DTRegressor_results = pd.DataFrame({'max_depth':max_depth,'RMSE':RMSE, 'MAE': mae, 'r2score':r2score})

print(DTRegressor_results.round(2))

fig, ax1 = plt.subplots()
ax1.plot(DTRegressor_results['max_depth'], DTRegressor_results['r2score'], 'b--')
ax1.set_xlabel('max_depth')
ax1.set_ylabel('r2score')
ax1.legend(['r2score'], loc ="upper right")
ax2 = ax1.twinx()
ax2.plot(DTRegressor_results['max_depth'], DTRegressor_results['MAE'], 'r--')
ax2.set_ylabel('MAE')
ax2.legend(['MAE'],loc ="upper center") 
plt.show()

The best fitting model in this case has an r2score of 0.80 and MAE of 88514.64 with max_depth = 10.

### True Value vs. Predicted value for the best fitting Decision Tree Regression model

In [None]:
sns.regplot(x=y_test, y=  DecisionTreeRegressor(max_depth = 10, random_state = 100).fit(X_train, y_train).predict(X_test))
plt.xlabel('True Values [Price]')
plt.ylabel('Predictions [Price]')
plt.title('Decision Tree Regression predictions for the test data')

## 3. Random Forest Regression

In [None]:
n_estimators = [5,10,15,20,25,30, 35, 40, 45, 50]
RMSE = []
mae = []
r2score = []
for n in n_estimators:
    regressor = RandomForestRegressor(n_estimators = n, random_state = 100)
    regressor.fit(X_train, y_train)
    y_prediction = regressor.predict(X_test)
    RMSE.append(sqrt(mean_squared_error(y_true = y_test, y_pred = y_prediction)))
    mae.append(mean_absolute_error(y_test, y_prediction))
    r2score.append(r2_score(y_test, y_prediction))
    
RFRegression_results = pd.DataFrame({'n_estimators':n_estimators,'RMSE':RMSE, 'MAE': mae, 'r2score':r2score})

print(RFRegression_results.round(3))

fig, ax1 = plt.subplots()
ax1.plot(RFRegression_results['n_estimators'], RFRegression_results['r2score'], 'b--')
ax1.set_xlabel('max_depth')
ax1.set_ylabel('r2score')
ax1.legend(['r2score'], loc ="upper right")
ax2 = ax1.twinx()
ax2.plot(RFRegression_results['n_estimators'], RFRegression_results['MAE'], 'r--')
ax2.set_ylabel('MAE')
ax2.legend(['MAE'],loc ="upper center") 
plt.show()

The best fitting model in this case has an r2score of 0.877 and MAE of 71879.346 with n_estimators = 40.

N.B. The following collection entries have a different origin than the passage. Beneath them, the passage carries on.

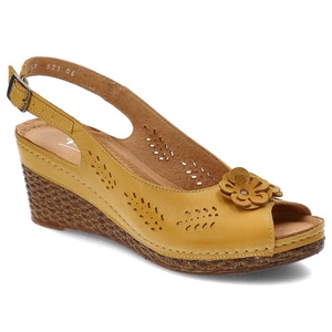 Żółte Piękne Sandały Pollonus Ażurowe Obuwie Damskie
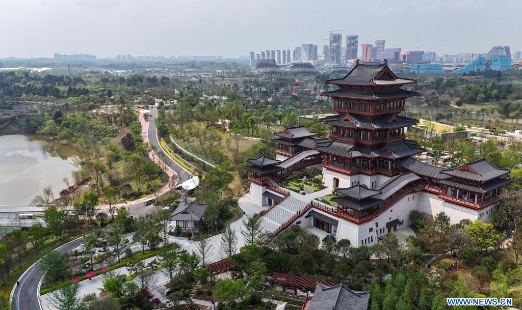 CHENGDU, 13 abril, 2024 (Xinhua) -- Imagen del 12 de abril de 2024 de una vista del recinto de la Exposición Internacional de Horticultura 2024 Chengdu, en Chengdu, en la provincia de Sichuan, en el suroeste de China. La exposición se celebrará del 26 de abril al 28 de octubre, periodo durante el cual tendrán lugar más de 2.000 eventos y actividades culturales. (Xinhua/Wang Xi)
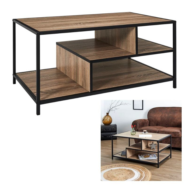 - Dizajn stolíka je minimalistický, kombinácia čierneho kovového rámu a povrchov v svetlej farbe dreva mu dodáva moderný, čistý vzhľad, ktorý sa ľahko hodí do rôznych štýlov interiérov.
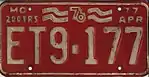 The U.S. state of Missouri first required its residents to register their motor vehicles in 1907. Registrants provided their own license plates for display until 1911, when the state began to issue plates.[1]
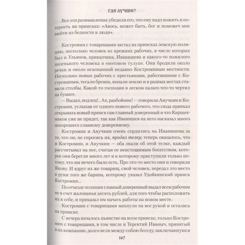 Где лучше?. В конце 60-х начале 70-х годов XIX века творчество Федора Михайловича Решетникова (1841-1871) оказалось в центре внимания русской критики. Не было, пожалуй, ни одного журнала, который не откликнулся бы так или иначе на его романы. "Где лучше?" самое значительное произведение писателя. Множество действующих лиц, порой возникающих на минуту, составляют его основу. Где-нибудь на Никольском рынке, на барках, на заводах Обводного канала и Охты вершится такое, что самого истого героя романа внезапно перевернет вверх дном и погонит в ту или иную сторону. Но не курьезные случаи, а общечеловеческая драма, называемая борьбою за существование, дала содержание роману Решетникова, в котором, по словам М. Е. Салтыкова-Щедрина, "главным действующим лицом и главным типом является целая народная среда".

### True Value vs. Predicted value for the best fitting Random Forest Regression model

In [None]:
sns.regplot(x=y_test, y= RandomForestRegressor(n_estimators = 50, random_state = 0).fit(X_train, y_train).predict(X_test))
plt.xlabel('True Values [Price]')
plt.ylabel('Predictions [Price]')

## Comparing the different regressor models

In [None]:
reg1 = LinearRegression()
reg2 = DecisionTreeRegressor(max_depth = 10,  random_state = 100)
reg3 = RandomForestRegressor(n_estimators = 40, random_state = 100)

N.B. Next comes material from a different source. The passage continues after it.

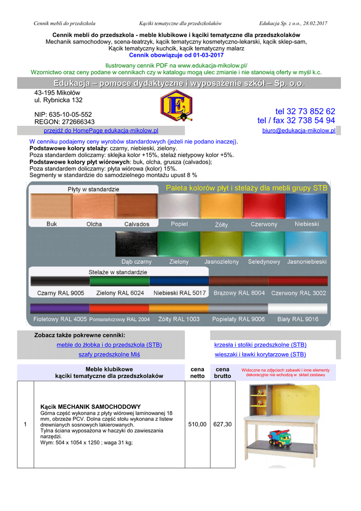 Cennik mebli do przedszkola Kąciki tematyczne dla przedszkolaków Edukacja Sp. z o.o., 28.02.2017 Cennik mebli do przedszkola - meble klubikowe i kąciki tematyczne dla przedszkolaków Mechanik samochodowy, scena-teatrzyk, kącik tematyczny kosmetyczno-lekarski, kącik sklep-sam, Kącik tematyczny kuchcik, kącik tematyczny malarz Cennik obowiązuje od 01-03-2017 Ilustrowany cennik PDF na www.edukacja-mikolow.pl/ Wzornictwo oraz ceny podane w cennikach czy w katalogu mogą ulec zmianie i nie stanowią oferty w myśl k.c. Edukacja – pomoce dydaktyczne i wyposażenie szkół – Sp. o.o. 43-195 Mikołów ul. Rybnicka 132 tel 32 73 852 62 tel / fax 32 738 54 94 NIP: 635-10-05-552 REGON: 272666343 przejdź do HomePage edukacja-mikolow.pl [email protected] W cenniku podajemy ceny wyrobów standardowych (jeżeli nie podano inaczej). Podstawowe kolory stelaży: czarny, niebieski, zielony. Poza standardem doliczamy: sklejka kolor +15%, stelaż nietypowy kolor +5%. Podstawowe kolory płyt wiórowych: buk, olcha, grusza (calvados); Poza standardem doliczamy: płyta wiórowa (kolor) 15%. Segmenty w standardzie do samodzielnego montażu upust 8 % Zobacz także pokrewne cenniki: meble do żłobka i do przedszkola (STB) krzesła i stoliki przedszkolne (STB) szafy przedszkolne Miś wieszaki i ławki korytarzowe (STB) Meble klubikowe kąciki tematyczne dla przedszkolaków cena netto cena brutto 510,00 627,30 Kącik MECHANIK SAMOCHODOWY 1 Górna część wykonana z płyty wiórowej laminowanej 18 mm, obrzeże PCV. Dolna część stołu wykonana z listew drewnianych sosnowych lakierowanych. Tylna ściana wyposażona w haczyki do zawieszania narzędzi. Wym: 504 x 1054 x 1250 ; waga 31 kg; Widoczne na zdjęciach zabawki i inne elementy dekoracyjne nie wchodzą w skład zestawu Cennik mebli do przedszkola Kąciki tematyczne dla przedszkolaków Kącik CZYTELNICZ – MIŚ 2 3 Korpus wykonany z płyty wiórowej laminowanej 18 mm. Szuflady zawieszane na prowadnicach rolkowych. Plecy z płyty HDF 3,2 mm lakierowanej. Drzwi zawieszone na zawiasach puszkowych. Poduszka kącika czytelniczego Miś 690,00 848,70 20,00 24,60 Kącik KOSMETYCZNO-LEKARSKI (biurko + kozetka + 4 taboret + regał) Biurko: wykonane z płyty wiórowej laminowanej 18 mm, oklejonej obrzeżem PCV; wymiary: gł. 500 x szer. 700 x wys. 530; waga 13 kg; Kozetka: wykonana z rury stalowej, malowanej farbą proszkową. Materac tapicerowany skórą syntetyczną zmywalną; wymiary: gł. 450 x szer. 1300 x wys. 450; waga 8,5 kg; Regał: wykonane z płyty wiórowej laminowanej 18 mm, oklejonej obrzeżem PCV; wymiary: gł. 250 x szer. 500 x wys. 1150; waga 15,5 kg; Taboret: wykonany z rury stalowej malowanej farbą proszkową, siedzisko wykonane ze sklejki 15 mm malowanej lakierem akrylowym; Fi 280 x wys. 310; waga 2,2 kg; 950,00 1168,50 5 Kącik KOSMETYCZNO-LEKARSKI kozetka 385,00 473,55 6 Kącik KOSMETYCZNO-LEKARSKI biurko 260,00 319,80 7 Kącik KOSMETYCZNO-LEKARSKI taboret 50,00 61,50 8 Kącik KOSMETYCZNO-LEKARSKI regał 255,00 313,65 9 Kącik KUCHCIK Wykonana z płyty wiórowej laminowanej 18 mm, oklejonej obrzeżem PCV. Komplet składa się z trzech elementów zestawionych ze sobą: lodówka – szafka dolna - szafka górna gł. 350 x szer. 1550 x wys. 1120; Waga 70 kg; 803,00 987,69 Kącik RELIGIJNY 10 Korpus wykonany z płyty wiórowej laminowanej 18 mm Plecy z płyty HDF 3,2 mm lakierowanej. Drzwi zawieszone na zawiasach puszkowych. Wypełnienie górnych drzwi – kratka 650,00 z tworzywa sztucznego. Nogi wykonane z kształtownika stalowego 40 x 40 x 1,5 mm, malowanego proszkowo, obrzeże PCV. Wym: 455 x 800 x 1550 ; waga 41 kg; 799,50 Kącik KREATYWNY 11 Korpus wykonany z płyty wiórowej laminowanej 18 mm. Szuflady zawieszane na prowadnicach rolkowych. Na plecach regału zamontowana tablica korkowa z wypełnieniem z miękkiej płyty pilśniowej. Obrzeża PCV. Wym: 450 x 1000 x 1350 ; waga 59 kg; 690,00 848,70 Edukacja Sp. z o.o., 28.02.2017 Cennik mebli do przedszkola Kąciki tematyczne dla przedszkolaków Kącik KAWIARENKA LALEK (regał, stół, 2x taboret) 12 Regał wykonany z płyty wiórowej laminowanej 18 mm. Ściana tylna wykonana z płyty HDF 3,2 mm lakierowanej. Ozdoby wykonane z płyty MDF surowej, malowanej farbą akrylową, zabezpieczoną dodatkowo lakierem bezbarwnym. Szuflady zawieszane na prowadnicach rolkowych. Uchwyty i stopki malowane farbą proszkową. Stelaż stołu i taboretów wykonany z rur fi 20 x 1,5 mm i fi 25 x 1,5 mm, malowany proszkowo. Blat stołu wykonany z płyty wiórowej 18 mm. Siedziska taboretów wykonane ze sklejki liściastej 18 mm, malowanej farbą akrylową zabezpieczoną dodatkowo lakierem bezbarwnym. obrzeże PCV. Regał domek: 400 x 800 x 1530; waga: 48 kg Stolik kawiarniany: 450 x 450 x 530; waga: 4,2 kg Taboret: 280 x 280 x355; waga: 2,5 kg 884,00 1087,32 13 Kącik KAWIARENKA LALEK regał 690,00 848,70 14 Kącik KAWIARENKA LALEK stolik 90,00 110,70 15 Kącik KAWIARENKA LALEK taboret 52,00 63,96 Edukacja Sp. z o.o., 28.02.2017
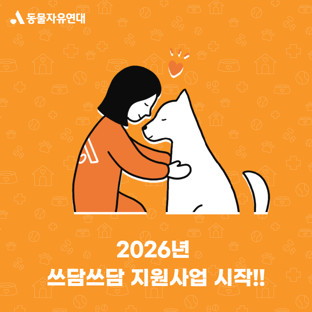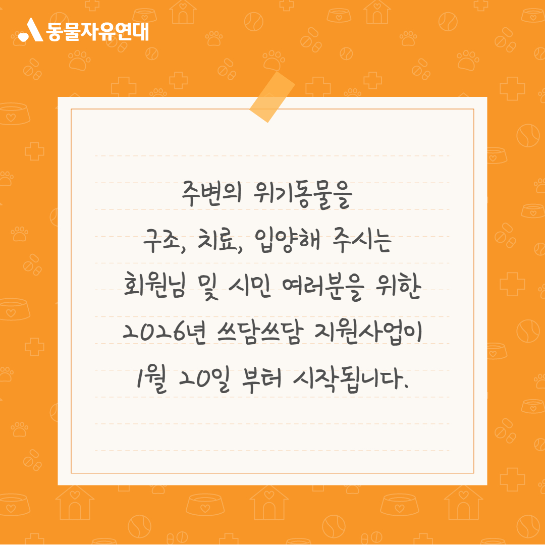 주변의 위기동물을 구조, 치료, 입양해 주시는 회원님 및 시민 여러분을 위한 2026년 쓰담쓰담 지원사업이 1월 20일 부터 시작됩니다.

reg1.fit(X_train, y_train)
reg2.fit(X_train, y_train)
reg3.fit(X_train, y_train)

pred1 = reg1.predict(X_test[:20])
pred2 = reg2.predict(X_test[:20])
pred3 = reg3.predict(X_test[:20])


plt.figure(figsize=(20,5))
plt.plot(pred1, 'gd', label='LinearRegression')
plt.plot(pred2, 'b^', label='DecisionTreeRegressor')
plt.plot(pred3, 'ys', label='RandomForestRegressor')
plt.plot(y_test[:20], 'ro', label = 'True value')

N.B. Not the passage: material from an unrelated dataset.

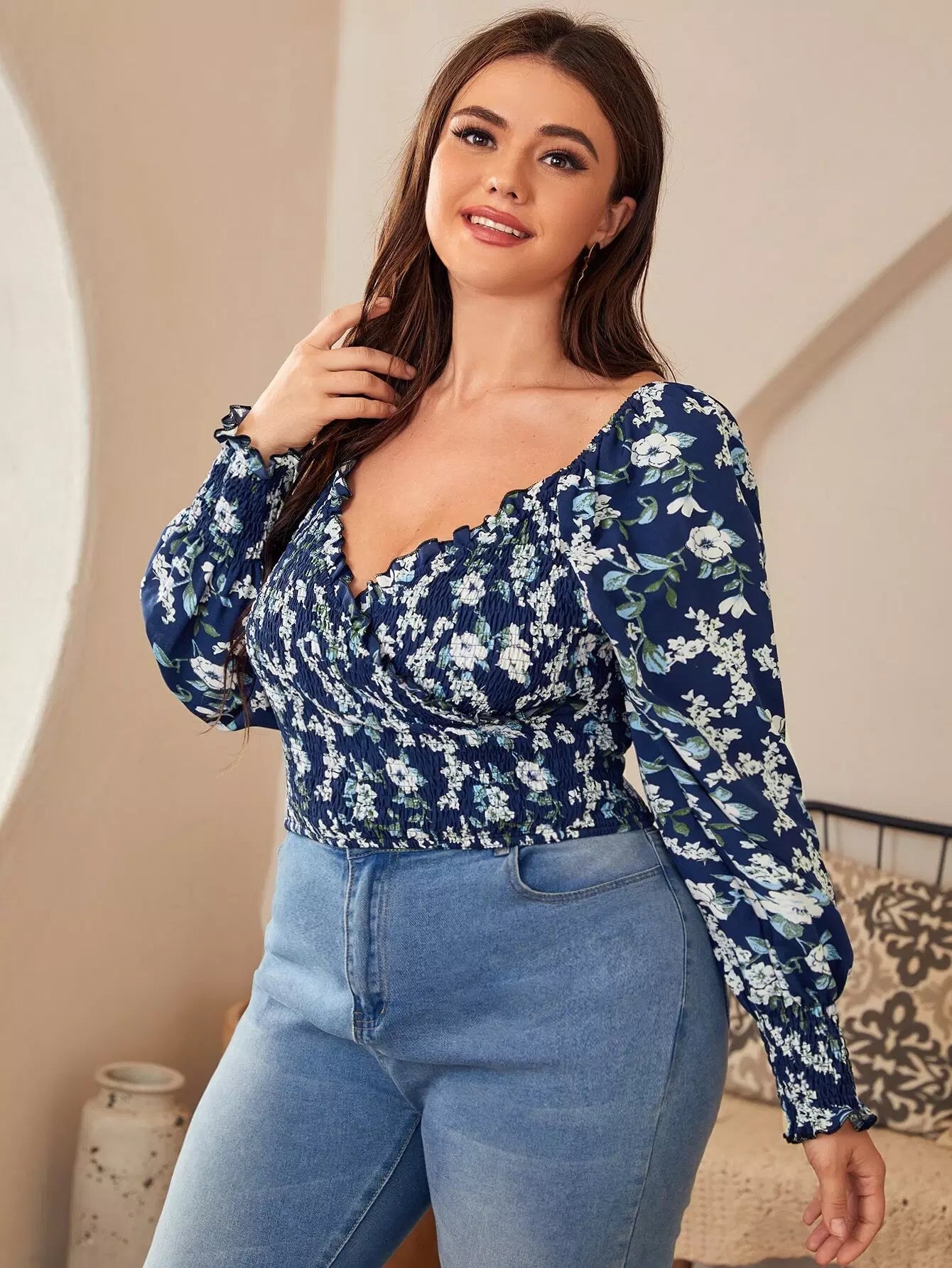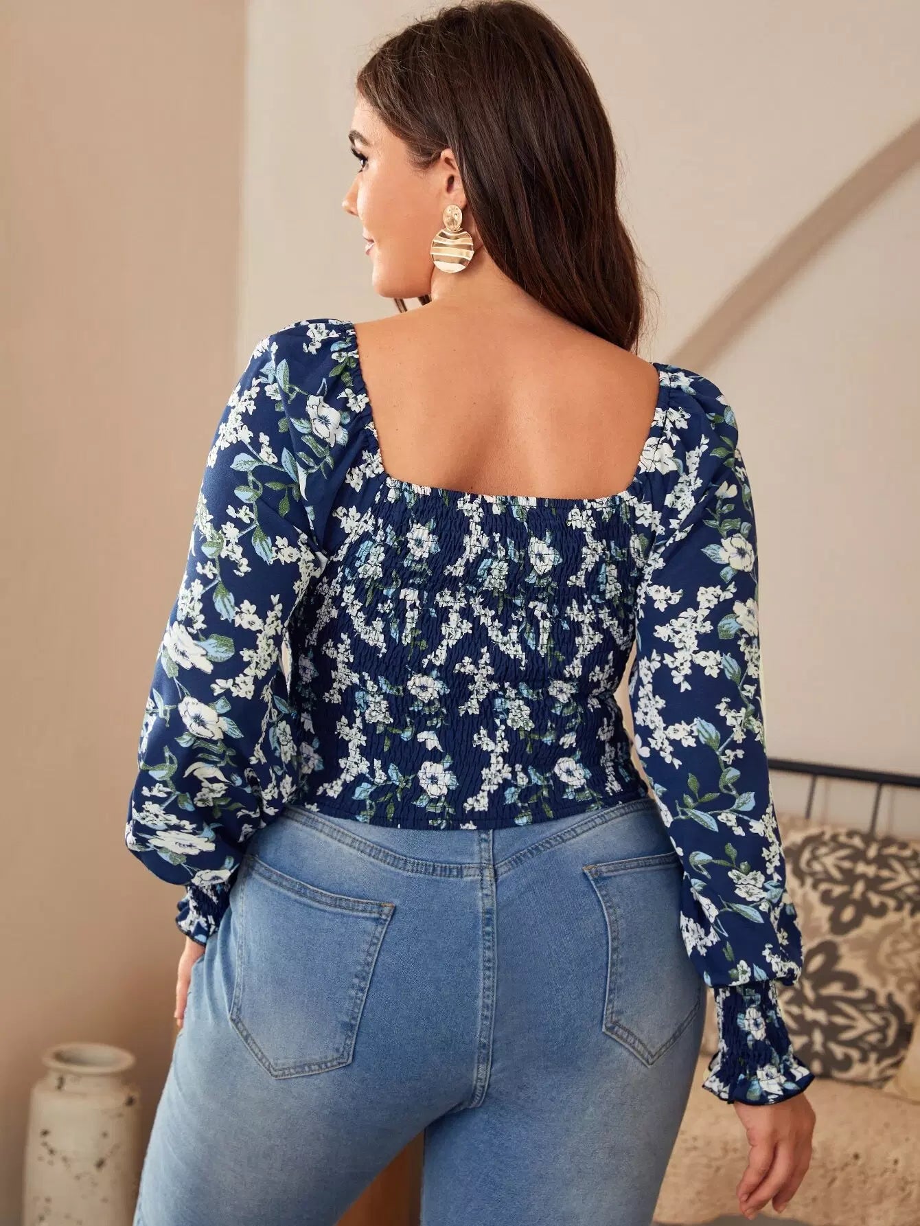 Plus Floral Print Shirred Lantern Sleeve Blouse

plt.tick_params(axis='x', which='both', bottom=False, top=False,
                labelbottom=False)
plt.ylabel('predicted')
plt.xlabel('training samples')
plt.legend(loc="best")
plt.title('Regressor predictions and true value of 20 samples')

plt.show()

The above graph shows the house price predictions with the different regressor models used and the actual price for the first 20 samples in the test dataset.

The highest r2score (0.877) is obtained with Random Forest Regression model.

## Conclusions
* Among the models studied in this work, Random Forest regression model gives highest accuracy in house price prediction.
* High valued houses are located between latitudes of 47.5˚ and 47.7˚ and longitudes of −122.0˚ and −122.4˚. This may be an ideal location to invest in King County. However, the investment decision should be based on one’s financial provisions and aspirations.
* The most sold out homes are either single or two storied houses with 3 or 4 bedrooms. Better view and having waterfront raises the value of the house. It would be good for a builder to keep these in mind while planning a new project.